======== EXERCISE MATERIAL ========

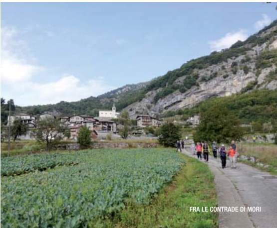
FRA LE CONTRADE DI MORI

Organizzazione: Commissione Escursionismo
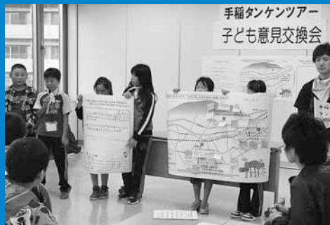
▲手稲タンケンツアーが行われ、区内の小学生が手稲の歴史や未来について学び、手稲のまちについて意見交換を行いました (10月7日)。
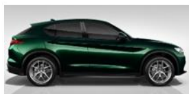
VERDE VISCONTI 5DR
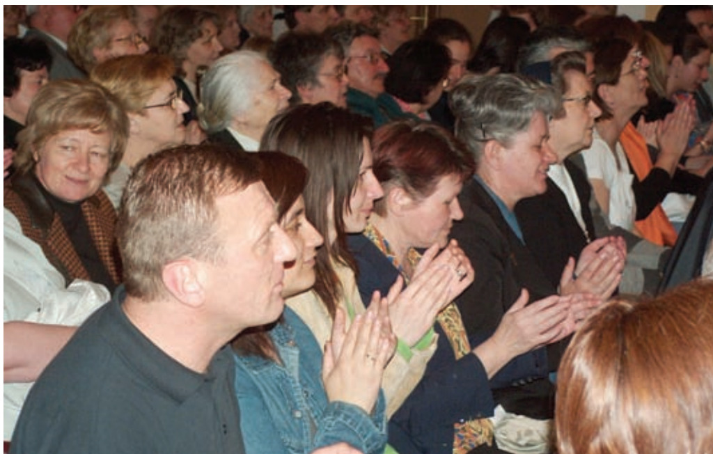
● Udruge i pokreti iskazali su spremnost na još bolju suradnju

apostolski dar, želja za evangelizacijom i evangelizatorskim djelovanjem. Papa Ivan Pavao II. rekao je 1998. godine članovima crkvenih pokreta: 'Vi ste novi evangelizatori!' To je zahtjev upućen i našim pokretima gdje se ta nova evangelizacija prepoznaje u vama, članovima duhovnih pokreta«.
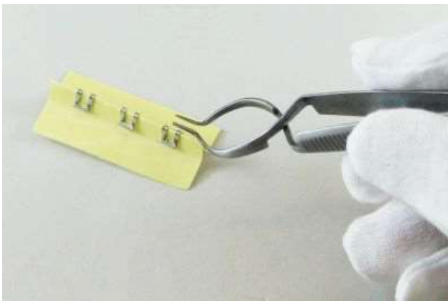
① 縫合クリップの凸部にリムーバー先端部を添わせて下にさげます。
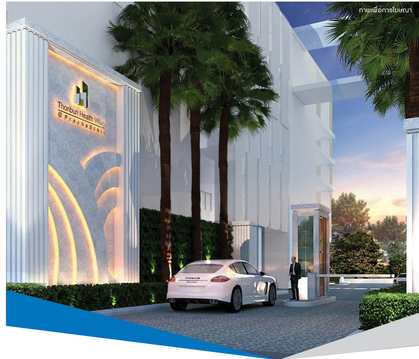
ภาพเพื่อการโฆษณา

เพียง 10 นาทีจากจุดขึ้นลงทางด่วนสุขสวัสดิ์ห่างจากสถานีรถไฟฟ้าประชาอุทิศเพียง 5 กม. (รถไฟฟ้าสายสีม่วงเตาปูน - ครุฑ) สะดวกสบาย เข้าออกได้หลายเส้นทาง ถนนสุขสวัสดิ์ ถนนพระราม 2 ถนนพุทธบูชา และรายล้อมด้วยสิ่งอำนวยความสะดวกครบถ้วน ใกล้มหาวิทยาลัย พระจอมเกล้าธนบุรี (บางมด) สวนธนบุรีรมย์ ศูนย์ฝึกกีฬาเฉลิมพระเกียรติ ๙๖ พรรษา ๖๐/๖๒ ตลาดใหม่
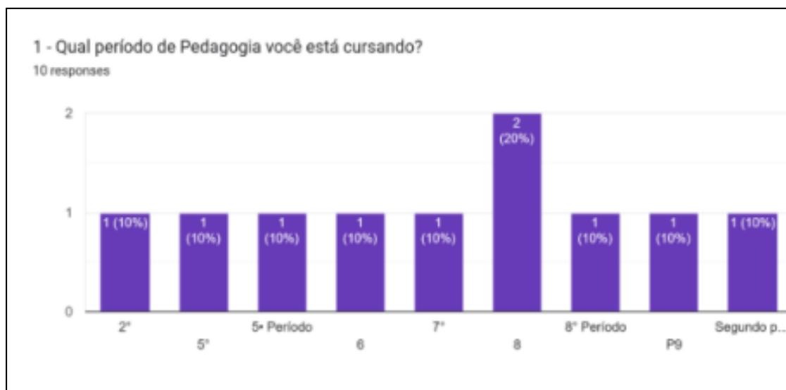
Gráfico 1 – Respostas atribuídas à pergunta 1
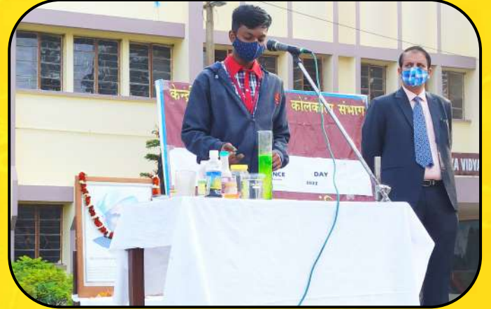
विज्ञान दिवस समारोह (Science Day Celebration)

========

PROBLEM TO WORK ON:
Copy every record exactly; no pictures.

COMPLETED EXERCISE:
FRA LE CONTRADE DI MORI

Organizzazione: Commissione Escursionismo
▲手稲タンケンツアーが行われ、区内の小学生が手稲の歴史や未来について学び、手稲のまちについて意見交換を行いました (10月7日)。
VERDE VISCONTI 5DR
● Udruge i pokreti iskazali su spremnost na još bolju suradnju

apostolski dar, želja za evangelizacijom i evangelizatorskim djelovanjem. Papa Ivan Pavao II. rekao je 1998. godine članovima crkvenih pokreta: 'Vi ste novi evangelizatori!' To je zahtjev upućen i našim pokretima gdje se ta nova evangelizacija prepoznaje u vama, članovima duhovnih pokreta«.
① 縫合クリップの凸部にリムーバー先端部を添わせて下にさげます。
ภาพเพื่อการโฆษณา

เพียง 10 นาทีจากจุดขึ้นลงทางด่วนสุขสวัสดิ์ห่างจากสถานีรถไฟฟ้าประชาอุทิศเพียง 5 กม. (รถไฟฟ้าสายสีม่วงเตาปูน - ครุฑ) สะดวกสบาย เข้าออกได้หลายเส้นทาง ถนนสุขสวัสดิ์ ถนนพระราม 2 ถนนพุทธบูชา และรายล้อมด้วยสิ่งอำนวยความสะดวกครบถ้วน ใกล้มหาวิทยาลัย พระจอมเกล้าธนบุรี (บางมด) สวนธนบุรีรมย์ ศูนย์ฝึกกีฬาเฉลิมพระเกียรติ ๙๖ พรรษา ๖๐/๖๒ ตลาดใหม่
Gráfico 1 – Respostas atribuídas à pergunta 1
विज्ञान दिवस समारोह (Science Day Celebration)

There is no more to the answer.